MATERIAL SHOWN ::
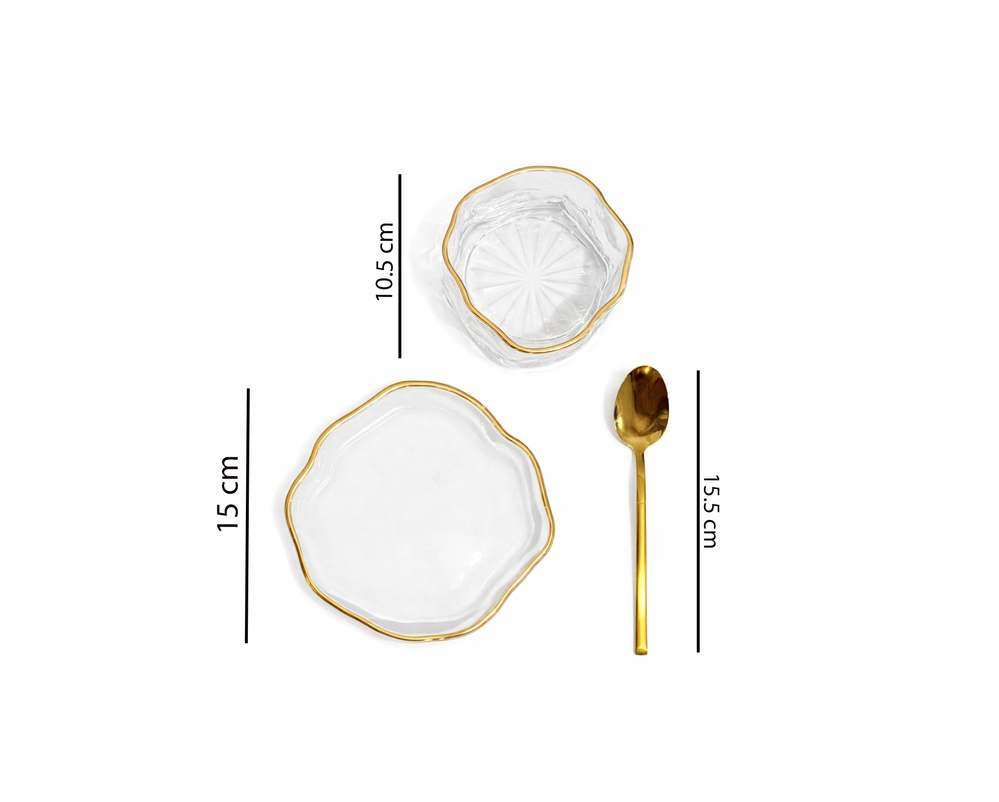 GOLD RIM GLASS DESSERT CUPS WITH PLATES AND SPOONS MODEL C – SET OF 6
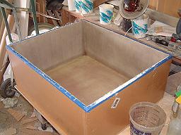 (date mold started 12/08/02 -- date first part was pulled 12/11/02) The function of the fiberglass box that you need will dictate the layup schedule and your selection of fabrics. The battery box I need will contain all three of the boat's batteries: Two 4D cranking batteries and one smaller house battery. The box will be installed in the center bilge between the engines on a 31' Bertram.
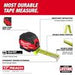 The MILWAUKEE® 8m/26ft STUD™ Tape Measure is the Most Durable Tape in the industry. This tape measure delivers the smoothest retraction in harsh jobsite conditions and the strongest extension through debris while taking measurements on the ground. EXO360™ Rip & Wear Resistant Blade Technology protects your blade on the jobsite, delivering the longest-lasting blade. The fully reinforced impact resistant body and double-sided anti-tear coating on the first 6” of the blade lead to an overall longer life in harsh groundwork conditions. The STUD™ Tape Measure features a hi-visibility blade for legibility in varied jobsite environments. The tape delivers 17' of Reach and 14’ of Standout, allowing you to take long measurements on your own and reach further on the jobsite.
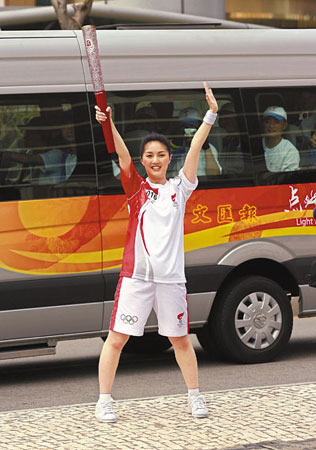 楊千嬅是澳門區(qū)火炬手代表之一,其父母也專程去為她打氣,可惜由于站錯了等候的位置,以致其父母看不到她拿著火炬一刻的跑姿,令兩老也感失望。
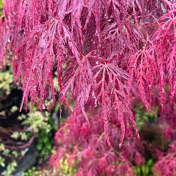 V spomladanskem času se pojavijo nežni, globoko narezani listi, ki se skozi sezono obarvajo v bogate rdeče in kostanjeve odtenke. Listi so ozki, nežni in močno deljeni, kar daje rastlini zračen, prefinjen videz. Veje so rahlo upognjene, zato krošnja deluje mehko in naravno razgibano.
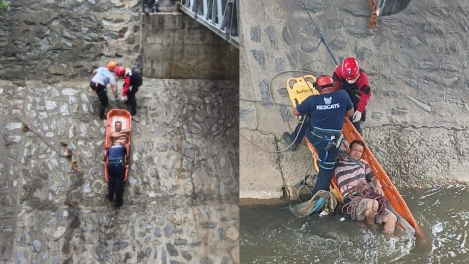 Bomberos de Caracas rescatan a hombre que cayó al río Guaire
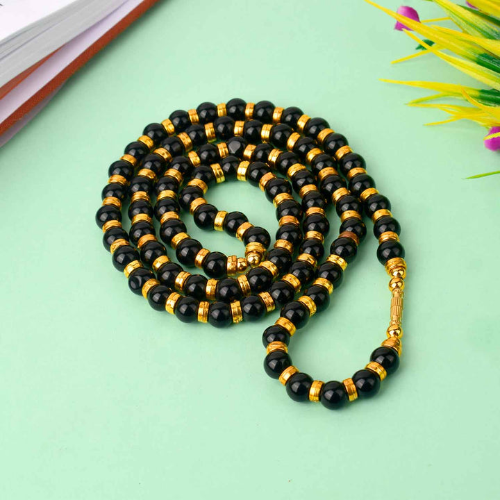 • Item Name: Jai Guruji Swaroop Mala – Black & Golden Beads
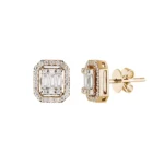 Aros de Oro Amarillo 18k rectangulares con diamantes en corte Baguette 0.17ct y Brillantes 0.14ct, con un halo de brillantes en pave.
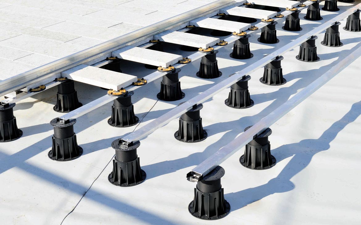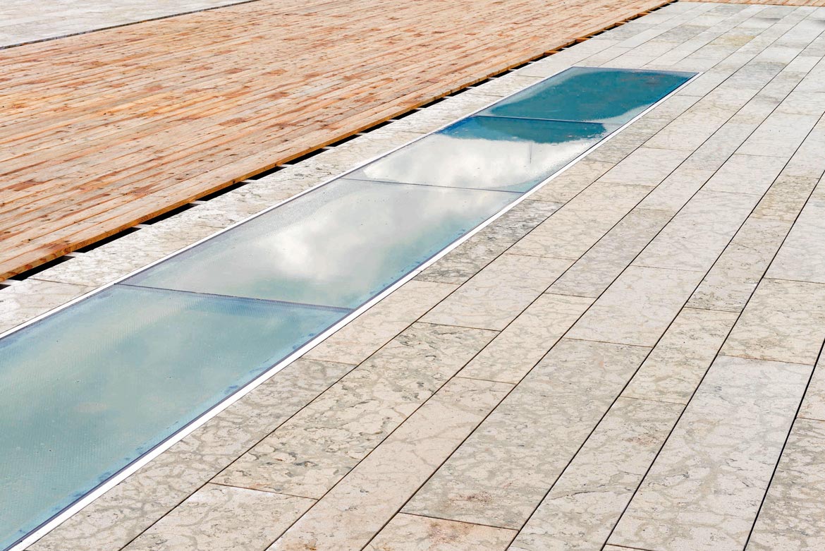 Il pavimento soprelevato è composto da grandi piastrelle di pietra e lunghe assi di legno sorrette dalla struttura Rail System. Questo sistema è composto da supporti regolabili in altezza, su cui poggiano i magatelli in alluminio Rail. Su questi magatelli trovano posto le teste Top Rail AS, che supportano gli elementi della pavimentazione. Tutti questi elementi sono prodotti con materiali riciclati e sono a loro volta riciclabili. Rail System fa parte della grande famiglia di prodotti Pedestal Line di Impertek per la realizzazione di pavimenti flottanti.

ACTIVITY ::
Transcribe the full listing exactly, but keep every image out of it.

PROBLEM SOLUTION ::
 GOLD RIM GLASS DESSERT CUPS WITH PLATES AND SPOONS MODEL C – SET OF 6
 (date mold started 12/08/02 -- date first part was pulled 12/11/02) The function of the fiberglass box that you need will dictate the layup schedule and your selection of fabrics. The battery box I need will contain all three of the boat's batteries: Two 4D cranking batteries and one smaller house battery. The box will be installed in the center bilge between the engines on a 31' Bertram.
 The MILWAUKEE® 8m/26ft STUD™ Tape Measure is the Most Durable Tape in the industry. This tape measure delivers the smoothest retraction in harsh jobsite conditions and the strongest extension through debris while taking measurements on the ground. EXO360™ Rip & Wear Resistant Blade Technology protects your blade on the jobsite, delivering the longest-lasting blade. The fully reinforced impact resistant body and double-sided anti-tear coating on the first 6” of the blade lead to an overall longer life in harsh groundwork conditions. The STUD™ Tape Measure features a hi-visibility blade for legibility in varied jobsite environments. The tape delivers 17' of Reach and 14’ of Standout, allowing you to take long measurements on your own and reach further on the jobsite.
 楊千嬅是澳門區(qū)火炬手代表之一,其父母也專程去為她打氣,可惜由于站錯了等候的位置,以致其父母看不到她拿著火炬一刻的跑姿,令兩老也感失望。
 V spomladanskem času se pojavijo nežni, globoko narezani listi, ki se skozi sezono obarvajo v bogate rdeče in kostanjeve odtenke. Listi so ozki, nežni in močno deljeni, kar daje rastlini zračen, prefinjen videz. Veje so rahlo upognjene, zato krošnja deluje mehko in naravno razgibano.
 Bomberos de Caracas rescatan a hombre que cayó al río Guaire
 • Item Name: Jai Guruji Swaroop Mala – Black & Golden Beads
 Aros de Oro Amarillo 18k rectangulares con diamantes en corte Baguette 0.17ct y Brillantes 0.14ct, con un halo de brillantes en pave.
 Il pavimento soprelevato è composto da grandi piastrelle di pietra e lunghe assi di legno sorrette dalla struttura Rail System. Questo sistema è composto da supporti regolabili in altezza, su cui poggiano i magatelli in alluminio Rail. Su questi magatelli trovano posto le teste Top Rail AS, che supportano gli elementi della pavimentazione. Tutti questi elementi sono prodotti con materiali riciclati e sono a loro volta riciclabili. Rail System fa parte della grande famiglia di prodotti Pedestal Line di Impertek per la realizzazione di pavimenti flottanti.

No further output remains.